How could I have left Emmylou Harris off my initial list of duets? Especially since she’s collaborated with so many different singers?
My Antonia is a song she did with Dave Matthews, from her album Red Dirt Girl. I’m not a big Dave Matthews fan, but his gritty tenor binds beautifully with Emmylou’s high alto.
Hm. I wonder what Emmylou would sound like with Eddie Vedder.
Or Emmylou and Bill Withers.
For a completely different sound, would Jello Biafra have deigned to sing with the Violent Femmes?
(Ohp, another thought: Emmylou and Sammy Llanas of the BoDeans. Sorry: Milwaukee on my mind.)
And, of course: Courtney Love and the Sex Pistols. Absolutely—if they didn’t kill each other.
Nick Drake and Hem. Could be really good, or really awful.
Beth Orton and DJ Spooky. Please please please somebody produce this cd.
Lisa Gerrard and Godspeed You! Black Emperor.
Tricky and Robbie Robertson.
Tricky and Jane Birkin.
Exene Cervenka and John Doe. Oh, wait. . . .
EmilyH suggested Rick Astley and Nirvana. Dunno ’bout that one, Em. (May I call you Em?)
Then again, it would be hard to top Miss Piggy and Peaches, the profane Canadian artist—definitely NSFW, but totally worth any nasty looks from scandalized coworkers.
Hey – Call me Em H, and people might just think that I’m Emmylou Harris! (I could do way worse than having people think I’m Emmylou Harris).

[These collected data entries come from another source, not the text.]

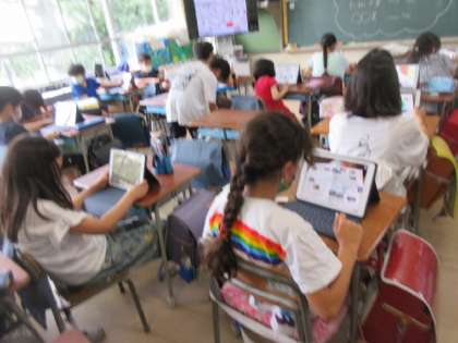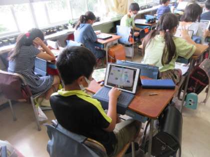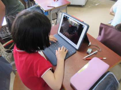 タブレットで友達がまとめたワークシートを見て、いいところを見つけています。
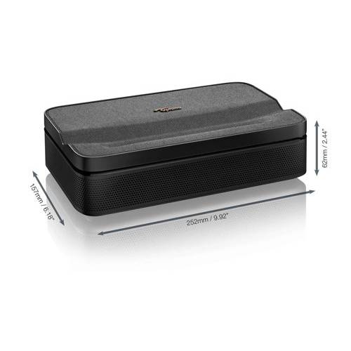 With an ultra-short throw lens and innovative Time-of-Flight (ToF) technology for auto keystone and focus correction, you can instantly create a perfectly projected 100'' image less than 25cm away from your desired projection surface - ideal for quick and casual viewing.
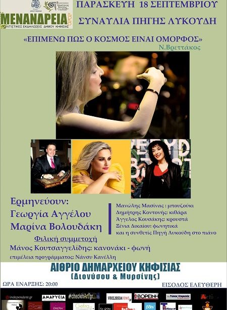 Μουσική βραδιά με την Πηγή Λυκούδη 18/9 στα Μενάνδρεια του Δήμου Κηφισιάς
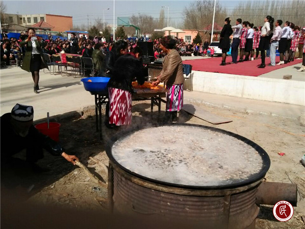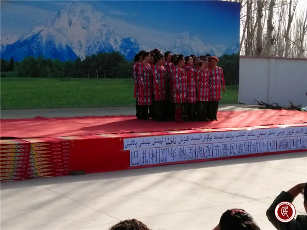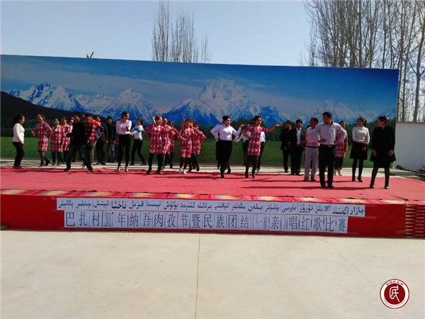 新疆民生网讯 (通讯员 付亚红 田磊)春回大地,万物复苏。3月21日,为了迎接诺肉孜节的到来,阿克苏地区食品药品监督管理局驻拜城县察尔齐镇巴扎村工作队与各族农牧民群众一起用唱“民族团结一家亲”红歌比赛来共同欢庆节日。

The sad truth is that the Nirvana/Rick Astley thing was really just a reference to a mash-up that I had already seen, rather than an actionable duet suggestion — I think I’m not quite creative enough to come up with an actual duet suggestion on my own! Which is, I think, another way of saying that the only way I’ll ever have people mistake me for Emmylou Harris is if you start calling me Em H.